Additional (optional) flags to Python sample that could be used are as follows:

  • --winsize - pass values H,W to define window size for corners detection (default is 5,5).
  • --debug_corners - pass True or False. If True program shows several random images with detected corners for user to manually verify the detection (default is False).
  • --points_json_file - pass name of JSON file where image and pattern points could be saved after detection. Later this file could be used to run sample code. Default value is '' (nothing is saved).
  • --find_intrinsics_in_python - pass 0 or 1. If 1 then the Python sample automatically calibrates intrinsics parameters and reports reprojection errors. The multiview calibration is done only for extrinsics parameters. This flag aims to separate calibration process and make it easier to debug what goes wrong.
  • --path_to_save - path to save results in pickle file
  • --path_to_visualize - path to results pickle file needed to run visualization
  • --visualize - visualization flag (True or False), if True only runs visualization but path_to_visualize must be provided
  • --resize_image_detection - True / False, if True an image will be resized to speed-up corners detection

Alternatively, the Python sample could be run from JSON file that should contain image points, pattern points, and boolean indicator whether a camera is fisheye. The example of JSON file is in opencv_extra/testdata/python/multiview_calibration_data.json (currently under pull request 1001 in opencv_extra). Its format should be dictionary with the following items:

  • object_points - list of lists of pattern (object) points (size NUM_POINTS x 3).
  • image_points - list of lists of lists of lists of image points (size NUM_CAMERAS x NUM_FRAMES x NUM_POINTS x 2).
  • image_sizes - list of tuples (width x height) of image size.
  • is_fisheye - list of boolean values (true - fisheye camera, false - otherwise). Optionally:
  • Ks and distortions - intrinsics parameters. If they are provided in JSON file then the proposed method does not estimate intrinsics parameters.

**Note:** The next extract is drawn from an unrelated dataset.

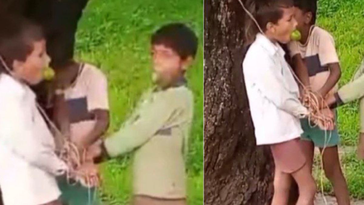 Maharajganj News: उत्तर प्रदेश के महराजगंज जिले से हैरान और शर्मशार करने वाली खबर सामने आई है। समाज में दरिंदे भी बसते हैं यह इसका सीधा उदाहरण है। दरअसल इस खबर में तालिबानी अंदाज नजर आ रहा है। तीन बच्चो को रस्सी में बांध दिया जाता है और फिर उनके मुंह में आम ठूस दिया जाता है। आइए पूरा मामला जानते है।

Ks (intrinsic matrices) is list of lists of lists (NUM_CAMERAS x 3 x 3), distortions is list of lists (NUM_CAMERAS x NUM_VALUES) of distortion parameters.
  • images_names - list of lists (NUM_CAMERAS x NUM_FRAMES x string) of image filenames for visualization of points after calibration.
$ python3 multiview_calibration.py --json_file /path/to/json

The description of flags could be found directly by running the sample script with help option:

python3 multiview_calibration.py --help

The expected output in Linux terminal for multiview_calibration_images data (from opencv_extra/testdata/python/ generated in Blender) should be the following:

The expected output for real-life calibration images in opencv_extra/testdata/python/real_multiview_calibration_images is the following:

Python visualization

Apart from estimated extrinsics / intrinsics, the python sample provides a comprehensive visualization. Firstly, the sample shows positions of cameras, checkerboard (of a random frame), and pairs of cameras connected by black lines explicitly demonstrating tuples that were used in the initial stage of stereo calibration. If images are not known, then a simple plot with arrows (from given point to the back-projected one) visualizing errors is shown. The color of arrows highlights the error values. Additionally, the title reports mean error on this frame, and its accuracy among other frames used in calibration. The following test instances were synthetically generated (see opencv/apps/python-calibration-generator/calibration_generator.py):

This instance has large Gaussian points noise.

Another example, with more complex tree structure is here, it shows a weak connection between two groups of cameras.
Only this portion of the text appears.